Yeast cells must respond rapidly and effectively to alterations in the environment in order to survive stressful conditions. These processes require the involvement of signal transduction pathways such as TOR and PKC1. The PKC1 dependent CWIP is the first line of response to cell wall damage in the yeast Saccharomyces cerevisiae[13,14]. Transduction of the signal begins with the cell wall stress sensor proteins Wsc1p and Mid2p at the plasma membrane and proceeds through Rom2p and Rho1p to the PKC1 CWIP that ends with activation of the MAP kinase, Slt2p [13,48] (Figure 1). Downstream, the transcription factor Rlm1p activates nuclear genes involved in cell wall synthesis and remodeling to produce a cell wall stress response that increases the survival potential of the yeast cell [9,10]. We have shown in prior studies that the PKC1 pathway is continuously activated in myo1Δ strains [4,6]. This response is further characterized here in the myo1Δ strains. In addition to the up regulation of the CWIP we found that TORC1 was down regulated to enhance cell survival and we provide evidence of cross-talk between the two signaling pathways.
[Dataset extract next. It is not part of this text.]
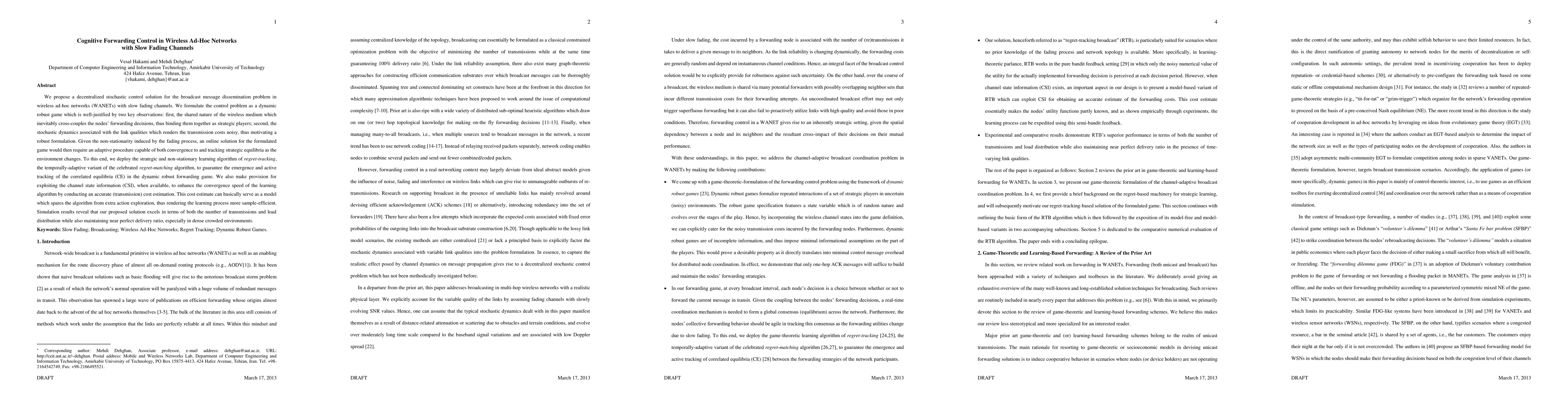 We propose a decentralized stochastic control solution for the broadcast message dissemination problem in wireless ad hoc networks with slow fading channels. We formulate the control problem as a dynamic robust game which is well justified by two key observations; first, the shared nature of the wireless medium which inevitably cross-couples the nodes' forwarding decisions, thus binding them together as strategic players; second, the stochastic dynamics associated with the link qualities which renders the transmission costs noisy, thus motivating a robust formulation. Given the non stationarity induced by the fading process, an online solution for the formulated game would then require an adaptive procedure capable of both convergence to and tracking strategic equilibria as the environment changes. To this end, we deploy the strategic and non stationary learning algorithm of regret tracking, the temporally adaptive variant of the celebrated regret matching algorithm, to guarantee the emergence and active tracking of the correlated equilibria in the dynamic robust forwarding game. We also make provision for exploiting the channel state information, when available, to enhance the convergence speed of the learning algorithm by conducting an accurate transmission cost estimation. This cost estimate can basically serve as a model which spares the algorithm from extra action exploration, thus rendering the learning process more sample efficient. Simulation results reveal that our proposed solution excels in terms of both the number of transmissions and load distribution while also maintaining near perfect delivery ratio, especially in dense crowded environments.

Npr1p is a protein kinase that regulates the amino acid permease Gap1p to transport secondary nitrogen sources into the cell for the restoration of amino acid precursor levels and protein synthesis [51,64,65]. When TORC1 is down regulated by nutrient starvation or rapamycin treatment, Npr1p becomes dephosphorylated by the protein phosphatase Sit4p, thereby activating its biochemical function [50,51,53] Furthermore, inactivation of TORC1 results in downregulation of ribosome and protein synthesis [59]. When we assayed the relative status of TORC1 activity in a myo1Δ strain, we observed that Npr1p was maintained in the dephosphorylated state and demonstrated that the Npr1p phosphorylation state was directly dependent on TORC1 and Sit4p activities. Therefore, we established that the TORC1 complex is found in a predominantly inactive state in the myo1Δ strain. The implications of such a metabolic state led us to believe that the survival of this strain is directly linked to this observation. However, the complete absence of Tor1p by genetic deletion (tor1Δ) was detrimental for survival of the myo1Δstrain, supporting that a precise level of TORC1 activity must be maintained for its survival. Furthermore, complete inhibition of TORC1 activity by rapamycin treatment of a myo1Δtor1Δ strain was lethal for growth, further supporting the idea that minimal levels of TORC1 activity are essential. Conversely, the tor1Δ single mutant was shown to acquire increased fitness, which was consistent with the proposed role of mTOR and TOR in regulating longevity and replicative life span extension respectively [24-27].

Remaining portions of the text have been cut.